Global internal data structures: Some internal data structures in Ruby has weak reference semantics. Those data structure holds per-object data for live objects, but can be cleaned up if the object dies.

ID: Each Ruby object may have an ID, obtained by obj.object_id. The ID is guaranteed to be unique while the object is alive. Under the hood, the Ruby runtime maintains a global bidirectional ID-to-object and object-to-ID map. When an object is moved, the gc_move function updates the bi-directional map; when an object dies, the finaliser obj_free removes that object from the bidirectional map.
gen_ivtbl: Objects other than T_OBJECT have their instance variables held in an external table, and a global map generic_iv_tbl_ maps each object to its "gen_ivtbl". When an object dies, its associated "gen_ivtbl" is freed.

The "cleaned when object dies" semantics satisfies the definition of "weak reference". Actually, weak references are intended to be used to implement canonicalising mappings, as described in Java's documentation.

V8 and Ephemeron

V8 supports Ephemeron. Simply speaking, an ephemeron is a pair

struct Ephemeron {
    key: WeakReference,
    value: MaybeWeakReference,
}

If the object referred by the key is alive, the value field behaves like a strong reference; otherwise the value field behaves like a weak reference.

Ephemeron behaves like java.util.WeakHashMap entries. If the key dies, the key-value pair is automatically removed from the WeakHashMap. Under the hood, OpenJDK implements it by using WeakReferences to point to the key. When the key dies, the WeakReference is enqueued, and the WeakHashMap "expunges stale entries" from time to time. It is not as good as Ephemeron, though, because with native Ephemeron support, the GC can clear the value field directly.

Why the current mechanism in MMTk core is not enough?

Different data structures

Different languages/VMs have different weak data structures.

Some of them are not heap objects. For example, JNI weak handles are not heap objects, but MMTk core's ReferenceProcessor assumes weak references are heap objects.

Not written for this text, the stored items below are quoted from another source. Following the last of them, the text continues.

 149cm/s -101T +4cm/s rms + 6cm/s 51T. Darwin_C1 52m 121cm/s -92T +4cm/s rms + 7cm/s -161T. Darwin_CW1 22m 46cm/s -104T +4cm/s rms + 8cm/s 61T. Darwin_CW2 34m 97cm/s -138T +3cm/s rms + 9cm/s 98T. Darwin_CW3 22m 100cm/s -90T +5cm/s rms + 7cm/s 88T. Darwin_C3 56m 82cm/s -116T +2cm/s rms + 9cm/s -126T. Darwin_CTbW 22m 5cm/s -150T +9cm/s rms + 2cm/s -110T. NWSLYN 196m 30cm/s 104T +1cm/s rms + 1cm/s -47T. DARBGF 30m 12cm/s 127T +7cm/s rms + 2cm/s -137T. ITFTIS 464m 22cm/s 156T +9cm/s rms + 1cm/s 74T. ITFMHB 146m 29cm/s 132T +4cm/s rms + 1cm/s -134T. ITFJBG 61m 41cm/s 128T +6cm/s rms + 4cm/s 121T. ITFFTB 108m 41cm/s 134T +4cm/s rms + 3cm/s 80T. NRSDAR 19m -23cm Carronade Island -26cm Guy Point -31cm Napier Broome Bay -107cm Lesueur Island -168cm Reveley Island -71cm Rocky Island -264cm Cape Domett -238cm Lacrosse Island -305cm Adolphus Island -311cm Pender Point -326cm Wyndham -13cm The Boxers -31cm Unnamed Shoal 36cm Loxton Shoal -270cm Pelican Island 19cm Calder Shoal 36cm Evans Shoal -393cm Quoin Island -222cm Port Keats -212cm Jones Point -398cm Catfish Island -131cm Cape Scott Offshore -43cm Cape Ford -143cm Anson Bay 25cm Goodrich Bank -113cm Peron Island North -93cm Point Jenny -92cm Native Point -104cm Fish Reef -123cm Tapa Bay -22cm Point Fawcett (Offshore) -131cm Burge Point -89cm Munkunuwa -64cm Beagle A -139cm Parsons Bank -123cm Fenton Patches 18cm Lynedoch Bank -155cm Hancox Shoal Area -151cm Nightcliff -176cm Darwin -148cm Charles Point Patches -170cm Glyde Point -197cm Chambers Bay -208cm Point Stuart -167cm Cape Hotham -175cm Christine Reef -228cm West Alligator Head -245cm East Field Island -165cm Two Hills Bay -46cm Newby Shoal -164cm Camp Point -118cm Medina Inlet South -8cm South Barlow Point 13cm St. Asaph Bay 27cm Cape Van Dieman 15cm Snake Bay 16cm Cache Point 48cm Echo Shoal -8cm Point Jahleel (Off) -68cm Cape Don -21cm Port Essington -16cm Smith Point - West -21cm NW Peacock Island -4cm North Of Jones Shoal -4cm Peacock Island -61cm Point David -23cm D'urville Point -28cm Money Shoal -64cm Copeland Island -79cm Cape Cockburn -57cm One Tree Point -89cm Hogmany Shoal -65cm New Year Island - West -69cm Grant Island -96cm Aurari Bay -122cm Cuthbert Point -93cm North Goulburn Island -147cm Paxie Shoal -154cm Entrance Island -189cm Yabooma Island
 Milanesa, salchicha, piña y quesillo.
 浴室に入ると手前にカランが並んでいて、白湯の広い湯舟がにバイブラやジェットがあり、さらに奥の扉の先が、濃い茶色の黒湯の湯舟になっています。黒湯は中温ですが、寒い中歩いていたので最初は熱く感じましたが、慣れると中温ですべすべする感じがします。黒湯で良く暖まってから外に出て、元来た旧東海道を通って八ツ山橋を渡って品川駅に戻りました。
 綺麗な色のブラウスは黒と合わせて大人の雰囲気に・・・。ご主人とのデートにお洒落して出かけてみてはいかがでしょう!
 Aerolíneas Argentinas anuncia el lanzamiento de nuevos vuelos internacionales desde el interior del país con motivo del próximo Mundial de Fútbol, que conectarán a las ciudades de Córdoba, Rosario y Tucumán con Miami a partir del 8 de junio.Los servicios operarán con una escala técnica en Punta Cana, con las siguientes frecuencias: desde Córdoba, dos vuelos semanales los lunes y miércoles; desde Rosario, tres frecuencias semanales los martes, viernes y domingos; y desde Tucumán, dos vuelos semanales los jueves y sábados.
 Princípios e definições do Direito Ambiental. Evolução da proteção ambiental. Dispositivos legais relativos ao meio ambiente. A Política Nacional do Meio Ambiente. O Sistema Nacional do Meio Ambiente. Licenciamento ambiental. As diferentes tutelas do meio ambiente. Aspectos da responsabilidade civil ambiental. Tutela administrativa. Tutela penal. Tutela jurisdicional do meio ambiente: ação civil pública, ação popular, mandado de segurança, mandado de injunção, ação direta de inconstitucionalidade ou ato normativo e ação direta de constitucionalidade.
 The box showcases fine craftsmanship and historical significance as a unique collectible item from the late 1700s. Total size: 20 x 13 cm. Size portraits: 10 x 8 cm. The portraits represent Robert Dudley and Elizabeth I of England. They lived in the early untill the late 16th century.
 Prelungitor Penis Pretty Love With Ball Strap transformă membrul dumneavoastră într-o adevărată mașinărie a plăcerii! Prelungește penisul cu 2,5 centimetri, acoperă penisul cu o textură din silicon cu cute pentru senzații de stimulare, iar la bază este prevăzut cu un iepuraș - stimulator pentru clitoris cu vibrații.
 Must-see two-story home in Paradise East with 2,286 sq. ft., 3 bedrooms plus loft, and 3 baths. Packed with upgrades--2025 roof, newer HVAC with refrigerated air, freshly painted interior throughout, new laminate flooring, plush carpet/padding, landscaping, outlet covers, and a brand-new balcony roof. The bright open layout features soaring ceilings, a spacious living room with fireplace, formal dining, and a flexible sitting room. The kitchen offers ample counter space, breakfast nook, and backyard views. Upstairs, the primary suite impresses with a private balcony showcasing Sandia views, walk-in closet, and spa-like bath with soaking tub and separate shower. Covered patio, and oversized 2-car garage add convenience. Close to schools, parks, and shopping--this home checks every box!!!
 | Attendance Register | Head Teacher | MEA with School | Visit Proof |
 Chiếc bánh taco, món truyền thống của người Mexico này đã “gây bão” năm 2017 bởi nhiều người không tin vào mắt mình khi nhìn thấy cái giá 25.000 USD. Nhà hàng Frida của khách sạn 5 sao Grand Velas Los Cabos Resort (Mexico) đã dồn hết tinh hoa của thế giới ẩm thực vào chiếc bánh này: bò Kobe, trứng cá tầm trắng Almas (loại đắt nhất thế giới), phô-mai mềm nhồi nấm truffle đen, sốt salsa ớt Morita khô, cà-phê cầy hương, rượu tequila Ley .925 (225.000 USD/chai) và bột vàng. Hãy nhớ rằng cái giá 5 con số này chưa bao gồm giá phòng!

Some of them can hold multiple key-value pairs in one complex data structure. For example, in Ruby, the weak tables are hash tables implemented in C. They cannot be simply updated like the way GC updates fields when an object moves. If the hash table uses object address as the key, and the object is moved, then the table entry needs to be re-hashed because the key changed.

Different semantics

Ephemeron's unusual semantics that "when key dies, the value becomes weak" is not handled by existing things in Java.

Although both Java's WeakHashMap and Ruby's ObjectSpace::WeakMap emulate ephemeron-like behaviour using finaliser, it is not as efficient as supporting Ephemerons directly in GC, because weak maps still briefly keeps the value "alive", while the "expunge stale entry" operations need to be executed at a later time.

Proposed interface

~~Note: this may be crazy~~ Maybe not that crazy. Wenyu is already doing something like this in the lxr branch of the mmtk-openjdk binding

MMTk core provides a reference processing stages RefClosure (replacing our current XxxRefClosure phase), during which two functions can be called:

is_alive(ObjectAddress) -> bool: Return whether an object is alive.
- Update: is_reachable should be a better name.
trace_object(ObjectAddress) -> ObjectAddress: Keep the object alive, trace that object, and return its new address (if moved).

And the VMBinding provides one function to be executed by GC worker threads during the new RefClosure phase:

Collection::do_ref_processing(): Do whatever the VM needs to process weak refs. MMTk core may call this multiple times if the VM keeps additional objects alive via trace_object.

MMTk doesn't care about what the VM do during do_ref_processing().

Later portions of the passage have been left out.